:: YOUR ASSIGNMENT ::
Look through the listing below for lines containing "with". State how many there are, and nothing else.

:: RAW DATA ::

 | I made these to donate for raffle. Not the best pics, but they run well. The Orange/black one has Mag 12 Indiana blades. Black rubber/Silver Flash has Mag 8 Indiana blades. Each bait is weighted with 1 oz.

---

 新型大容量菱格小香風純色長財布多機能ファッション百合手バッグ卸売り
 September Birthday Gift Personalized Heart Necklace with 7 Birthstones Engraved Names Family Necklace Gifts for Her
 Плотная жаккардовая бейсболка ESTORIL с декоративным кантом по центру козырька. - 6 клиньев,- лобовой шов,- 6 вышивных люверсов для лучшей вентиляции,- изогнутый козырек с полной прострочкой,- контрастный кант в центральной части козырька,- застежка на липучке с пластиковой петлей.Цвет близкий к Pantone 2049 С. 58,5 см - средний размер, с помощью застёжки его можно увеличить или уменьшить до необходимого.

---

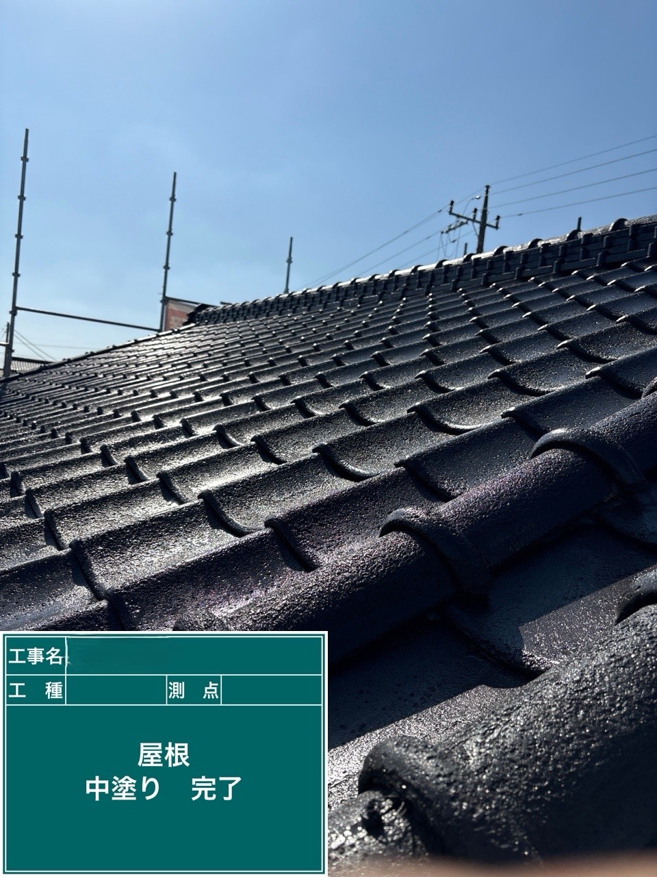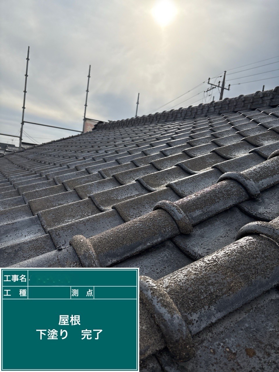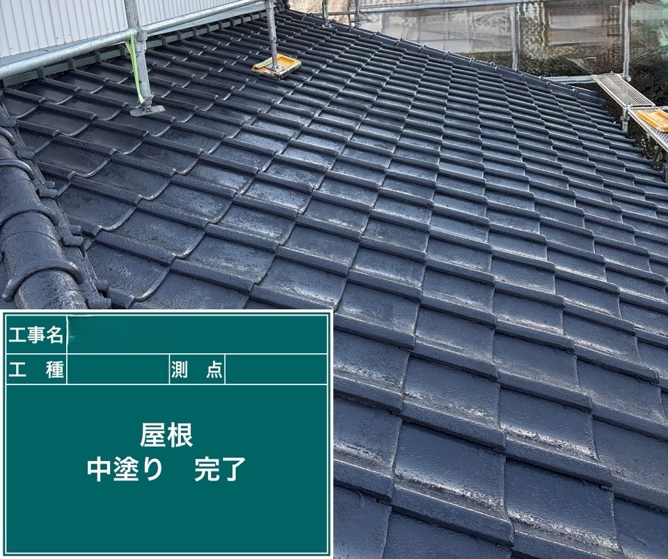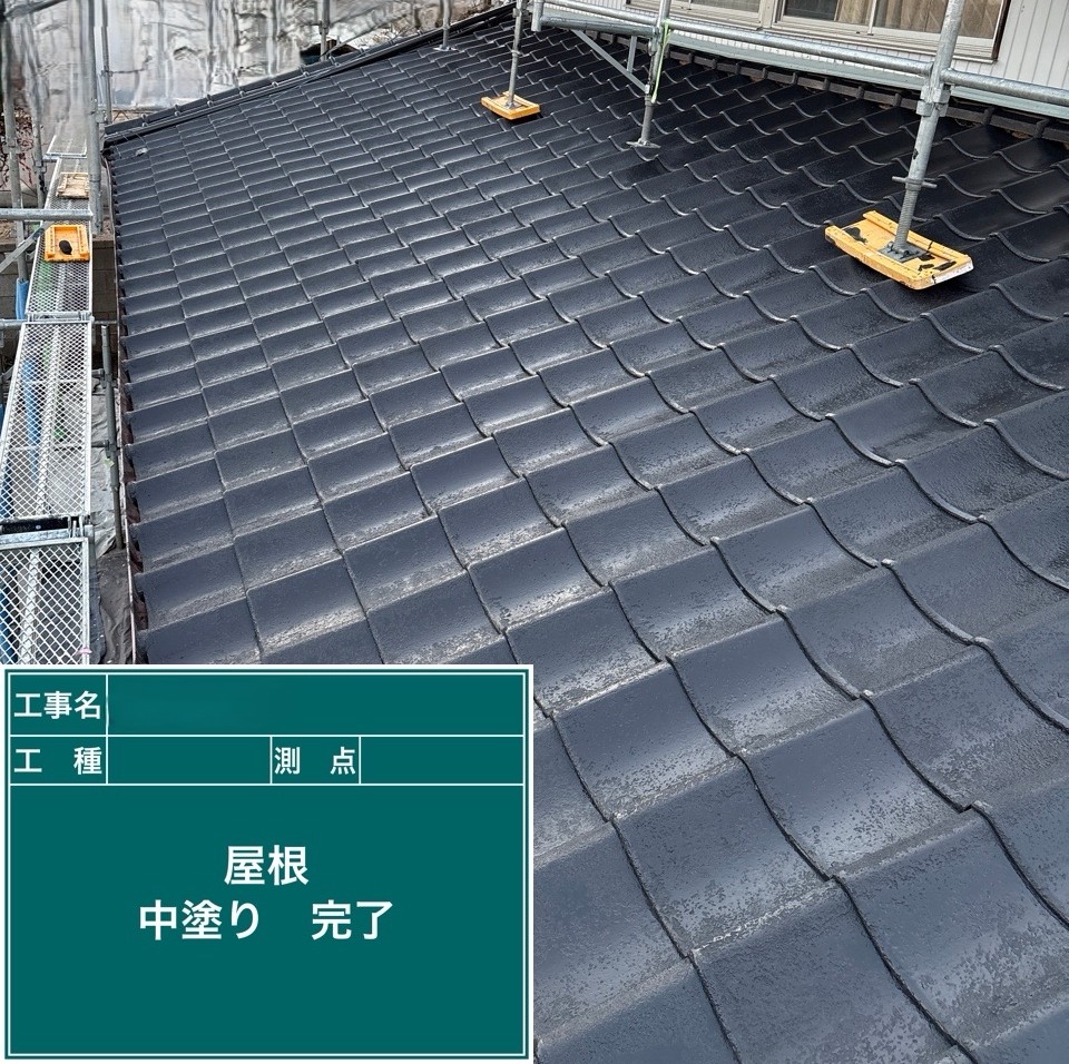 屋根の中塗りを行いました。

:: ANSWER SPACE ::
2